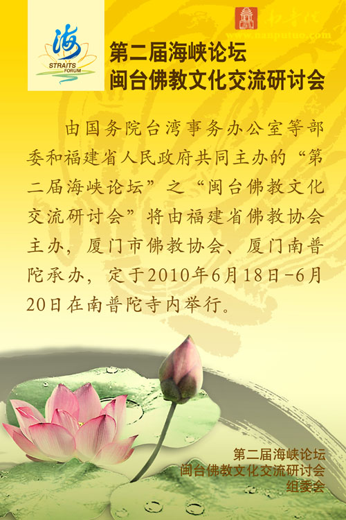 由国务院台湾事务办公室等部委和福建省人民政府共同主办的“第二届海峡论坛”之“闽台佛教文化交流研讨会”将由福建省佛教协会主办,厦门市佛教协会、厦门南普陀承办,定于2010年6月18日-6月20日在南普陀寺内举行。
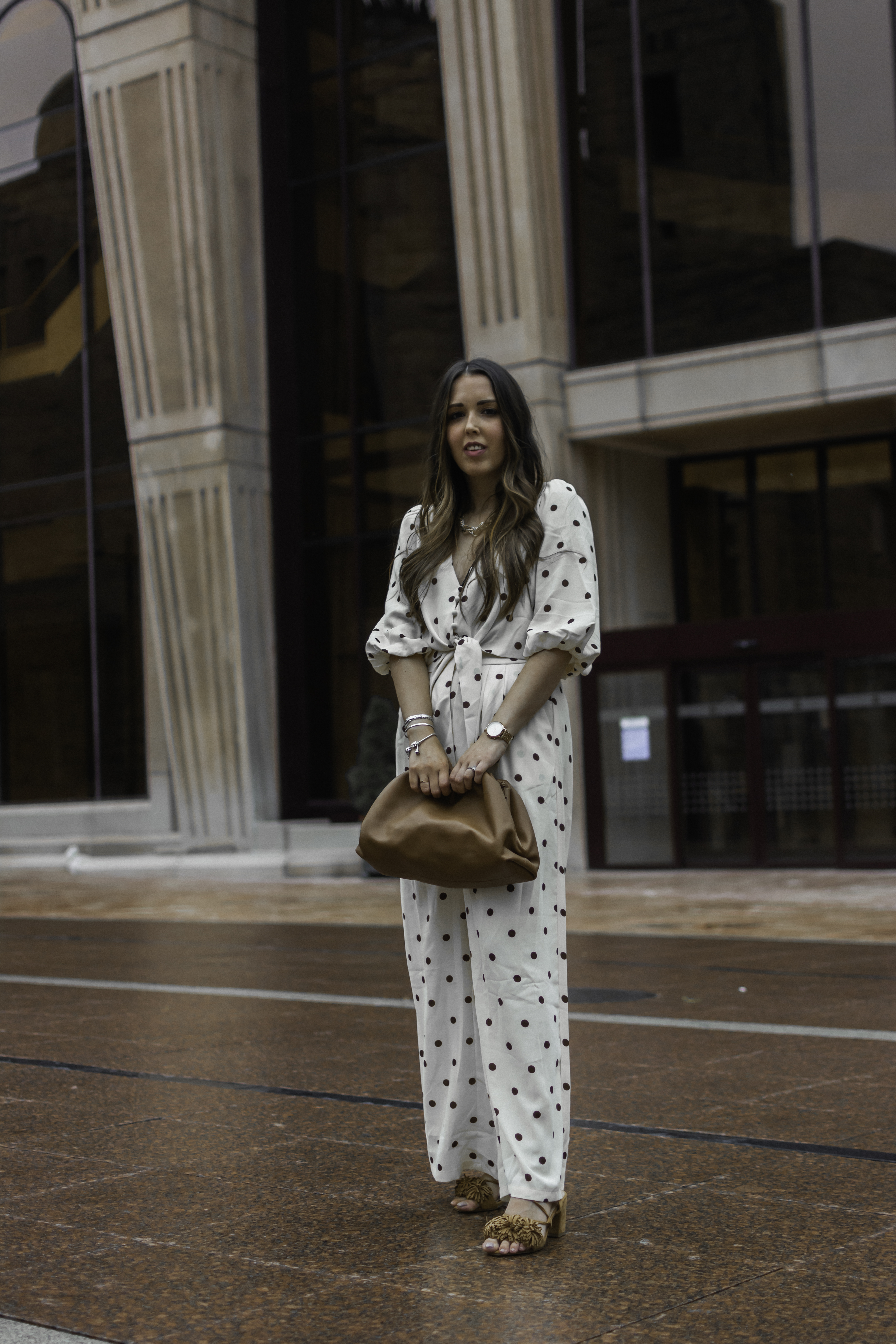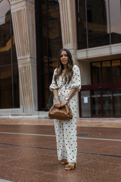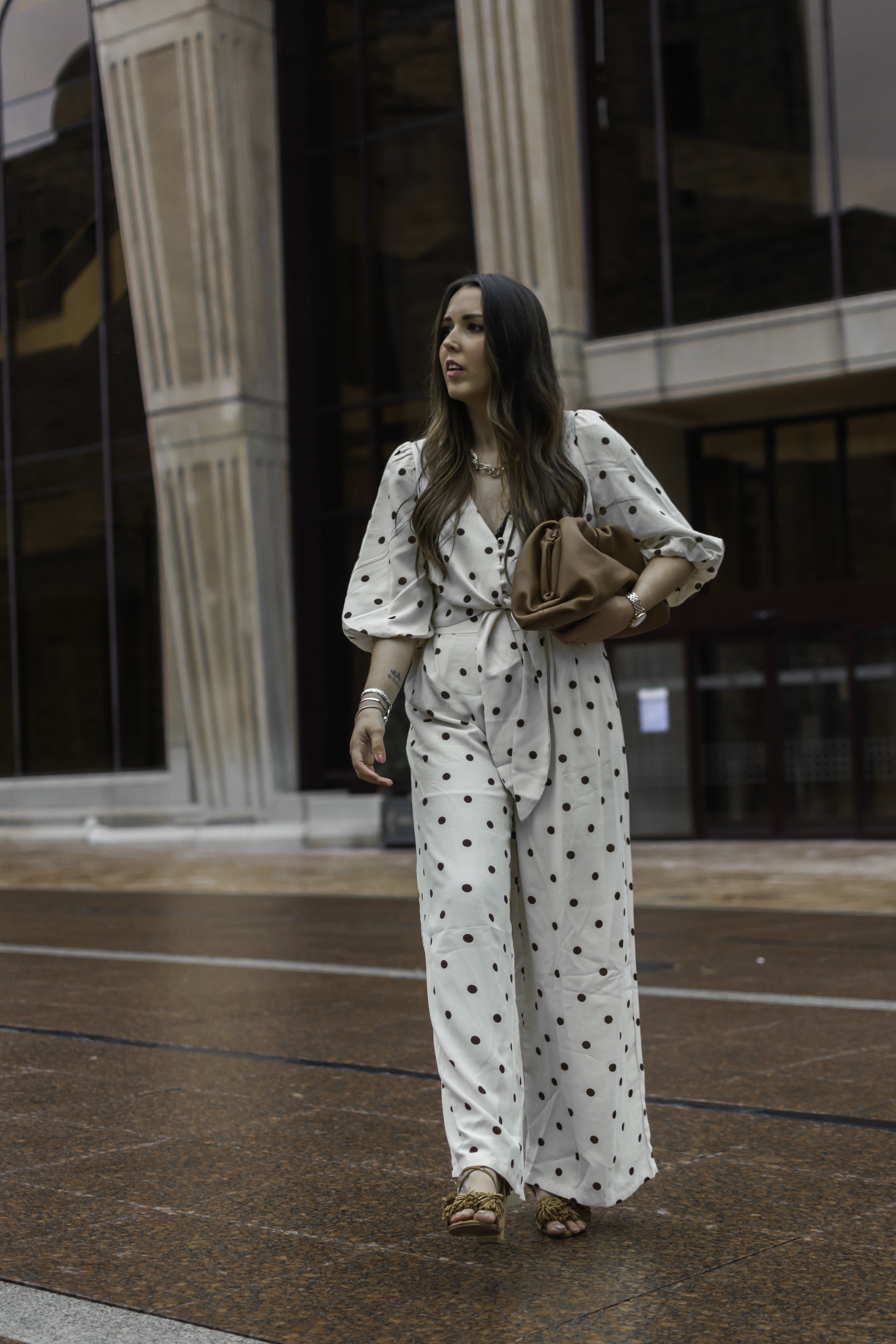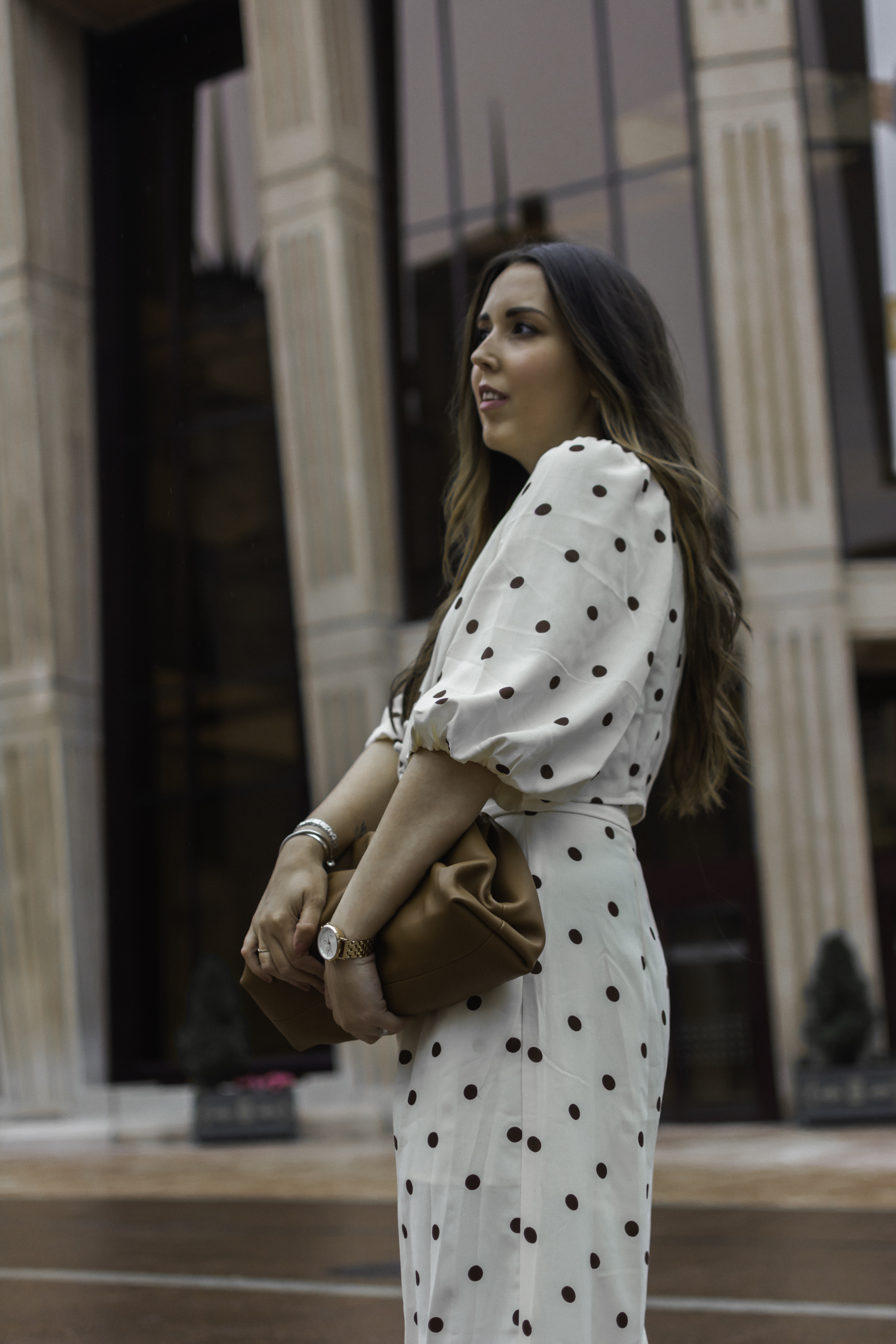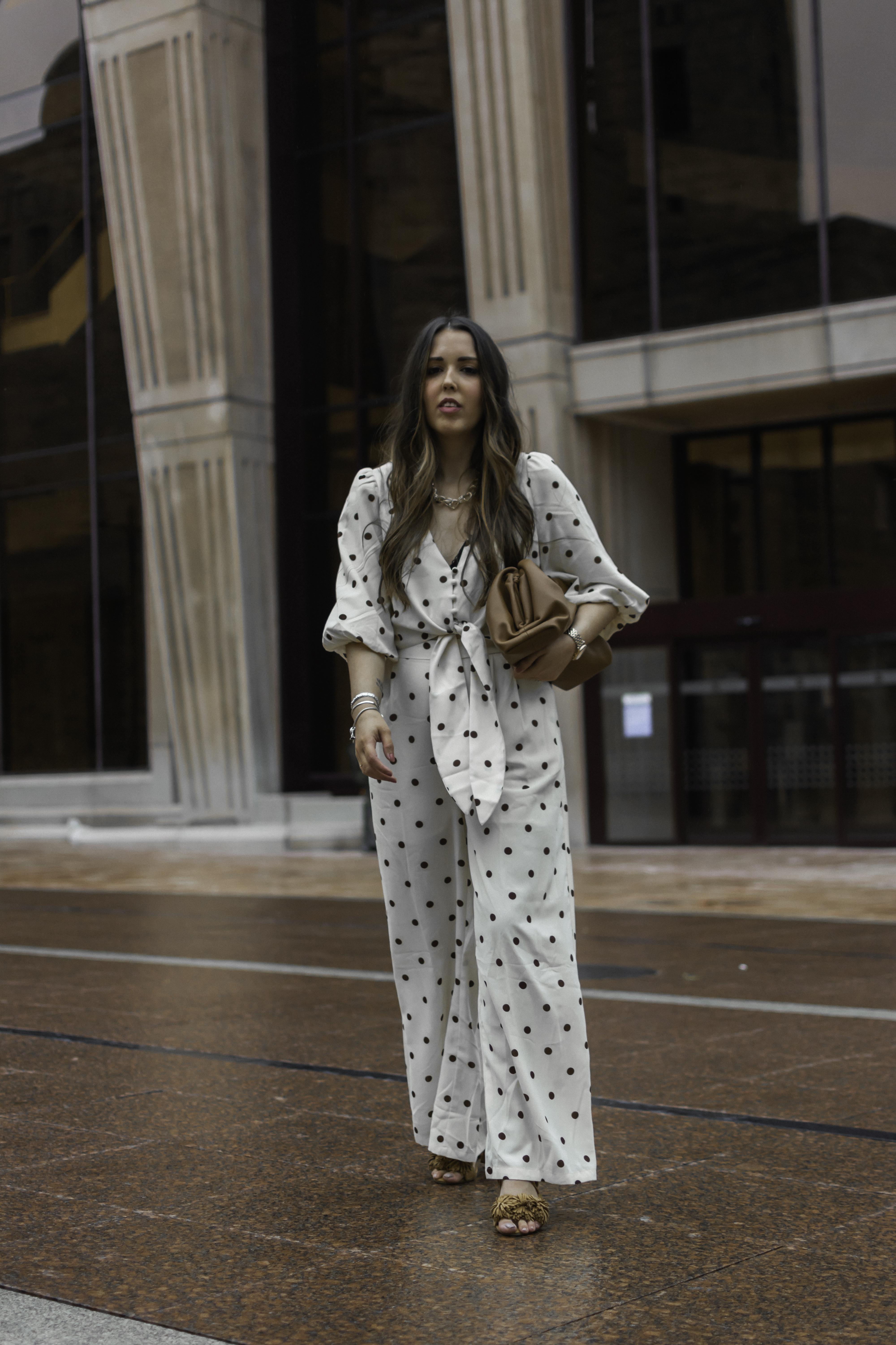 Al final la tendencia se resume a que la estética nos recuerde a un pijama, pero sin serlo. Si no te atreves, puedes empezar poco a poco y no crear un total look, puedes combinar una camisa de ese estilo con unos jeans y unas sandalias o mocasines, darás un toque sofisticado y actual al outfit sin falta de arriesgar. Pero si lo que te gusta es cumplir la tendencia, márcate un look como el que llevo hoy. Es un dos piezas en color blanco roto con lunares marrones (mi amor por los lunares es algo eterno). La camisa lleva un detalle de lazo en la parte de la cintura, lo que le da un aire diferente marcando la diferencia entre las dos partes. El pantalón palazzo, no puede parecerme más elegante con unas sandalias. Me parecieron geniales estas con pompones, atan al tobillo y son muy bonitas, a la par que cómodas ¡y el bolso! Objeto de deseo e inspiración total de Bottega Veneta. El conjunto es de Shein y tenéis un 15% de descuento con mi código brunette15.
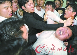 在野黨議員與執(zhí)政黨議員互毆。
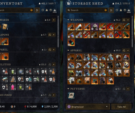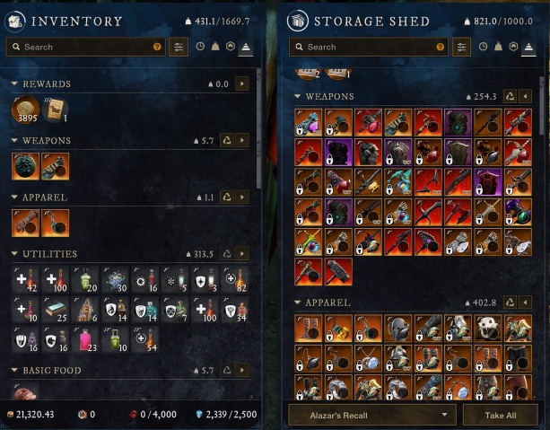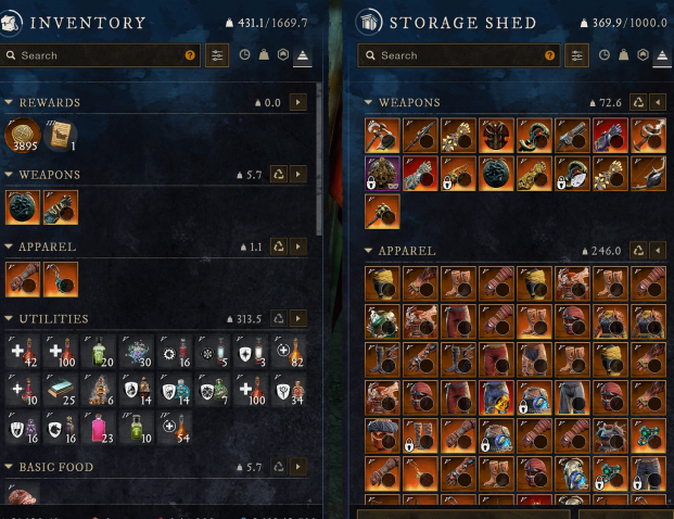 На аккаунте вы найдете легендарные инструменты с отличными перками для сбора ресурсов. Также, приобретены легендарные сумки с улучшенной вместимостью, что позволяет вам не волноваться о перегрузке персонажа.
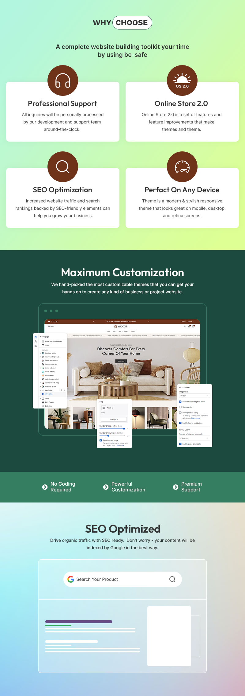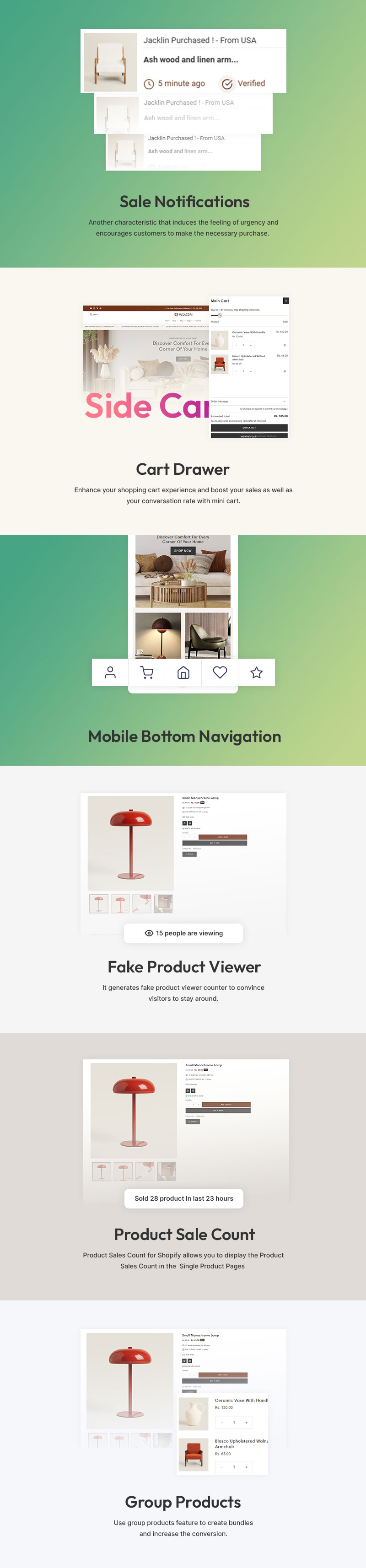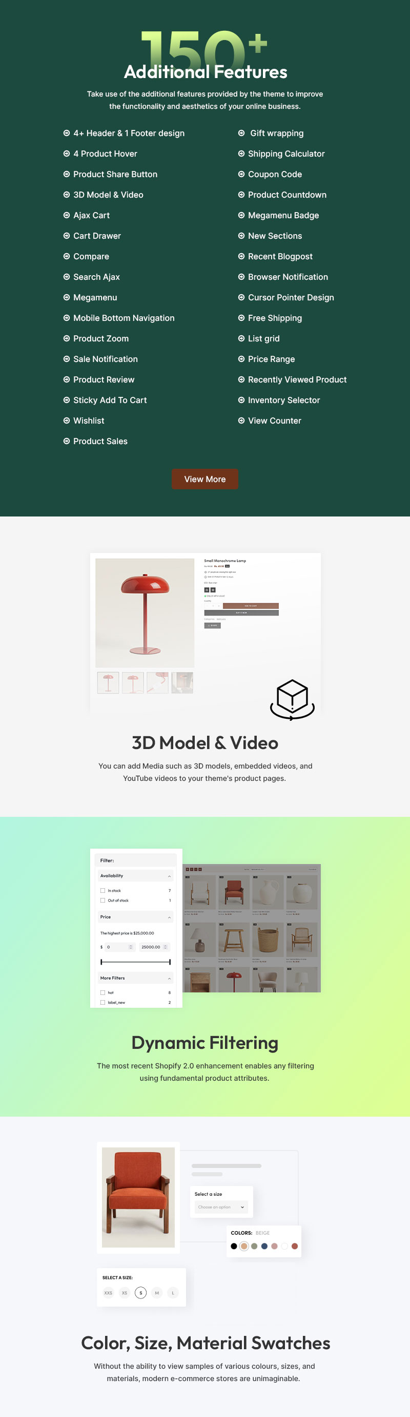 Woodri’s intuitive drag-and-drop editor makes customization effortless, allowing you to refine color palettes, typography, and layouts to harmonize with your brand’s identity. Its intelligent filtering system enhances user experience, enabling customers to browse effortlessly by material, style, dimensions, lighting features, and room suitability. Each product page is thoughtfully designed to inspire and convert, featuring in-depth product insights, customer testimonials, high-resolution imagery, and décor inspiration sections.

→ Exercise aim:
In repeating the lines above, keep the wording exact and leave every picture out.

→ Response to the exercise:
 由国务院台湾事务办公室等部委和福建省人民政府共同主办的“第二届海峡论坛”之“闽台佛教文化交流研讨会”将由福建省佛教协会主办,厦门市佛教协会、厦门南普陀承办,定于2010年6月18日-6月20日在南普陀寺内举行。
 Al final la tendencia se resume a que la estética nos recuerde a un pijama, pero sin serlo. Si no te atreves, puedes empezar poco a poco y no crear un total look, puedes combinar una camisa de ese estilo con unos jeans y unas sandalias o mocasines, darás un toque sofisticado y actual al outfit sin falta de arriesgar. Pero si lo que te gusta es cumplir la tendencia, márcate un look como el que llevo hoy. Es un dos piezas en color blanco roto con lunares marrones (mi amor por los lunares es algo eterno). La camisa lleva un detalle de lazo en la parte de la cintura, lo que le da un aire diferente marcando la diferencia entre las dos partes. El pantalón palazzo, no puede parecerme más elegante con unas sandalias. Me parecieron geniales estas con pompones, atan al tobillo y son muy bonitas, a la par que cómodas ¡y el bolso! Objeto de deseo e inspiración total de Bottega Veneta. El conjunto es de Shein y tenéis un 15% de descuento con mi código brunette15.
 在野黨議員與執(zhí)政黨議員互毆。
 На аккаунте вы найдете легендарные инструменты с отличными перками для сбора ресурсов. Также, приобретены легендарные сумки с улучшенной вместимостью, что позволяет вам не волноваться о перегрузке персонажа.
 Woodri’s intuitive drag-and-drop editor makes customization effortless, allowing you to refine color palettes, typography, and layouts to harmonize with your brand’s identity. Its intelligent filtering system enhances user experience, enabling customers to browse effortlessly by material, style, dimensions, lighting features, and room suitability. Each product page is thoughtfully designed to inspire and convert, featuring in-depth product insights, customer testimonials, high-resolution imagery, and décor inspiration sections.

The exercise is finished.